Using a non-lazy implementation, I can make it far more efficient to actually get the materialized indices (apologies for making several changes to your code, I am experimenting a bit with the trees for learning purposes, so there might be more than one single change causing the speedup):

struct BVH
    name::String
    children::Union{Tuple{}, Tuple{BVH, BVH}}
    indices::Vector{Int64}
end


BVH(n::String, l::BVH, r::BVH) = BVH(n, (l,r), Int[])        # construct a node
BVH(n::String, inds::Vector{Int64}) = BVH(n, (), inds)    # construct a leaf

Base.show(io::IO, b::BVH) = print(io, isempty(b.children) ? "Leaf-" : "Node-", b.name)
AbstractTrees.children(bvh::BVH) = bvh.children

function _indices!(ind::Vector{Int}, b::BVH)
    isempty(b.children) && return append!(ind, b.indices)
    _indices!(ind, b.children[1])
    _indices!(ind, b.children[2])
    return ind
end
indices(b::BVH) = _indices!(Int[], b)

Benchmark:

julia> bvh = BVH("root", BVH("1",BVH("2", [1,2,3]),BVH("3", BVH("4", [4,5,6]), BVH("5",[7,8,9]))),BVH("6",[10,11,12]))
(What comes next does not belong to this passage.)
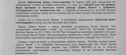 "Я живу в Закарпатье уже восемь лет, но прописан в Одесской области. И когда на блокпосте во время проверки документов увидели это, то не поверили, что я давно нахожусь на Западной Украине, — рассказал " Телеграфу" Денис. — Я объяснял, что пять лет официально работал здесь пекарем, что зафиксировано в налоговой, в моей трудовой книжке, и это легко проверить. Показывал фото с этой своей работы, а также рассказал, что член евангельской церкви уже 11 лет, предоставил соответствующую справку за подписью нашего пастора. Там было указано, когда и где я принимал крещение, что я привлечен на постоянной основе как волонтер в программу гуманитарной помощи.

julia> @btime indices($bvh)
  147.188 ns (3 allocations: 480 bytes)
12-element Vector{Int64}:
  1
  2
  3
  4
  5
  6
  7
  8
  9
 10
 11
 12
11

Thanks for the suggestion to be be less ‘lazy’ and more concrete. Indeed I can even allocate a vector outside the function and get rid of all allocations with the overhead of copying all indexes to the vector. For a small tree and small number of indexes works nicely

julia> indices!(ind::Vector{Int64}, b::BVH) = return _indices!(empty!(ind), b)

julia> ind = zeros(Int64,100)
100-element Vector{Int64}

julia> @btime indices!($ind, $bvh)
  81.125 ns (0 allocations: 0 bytes)

Of course, increasing the number of indexes then the time scales linearly. Too reach 6 μs I would need many thousands of indices to copy.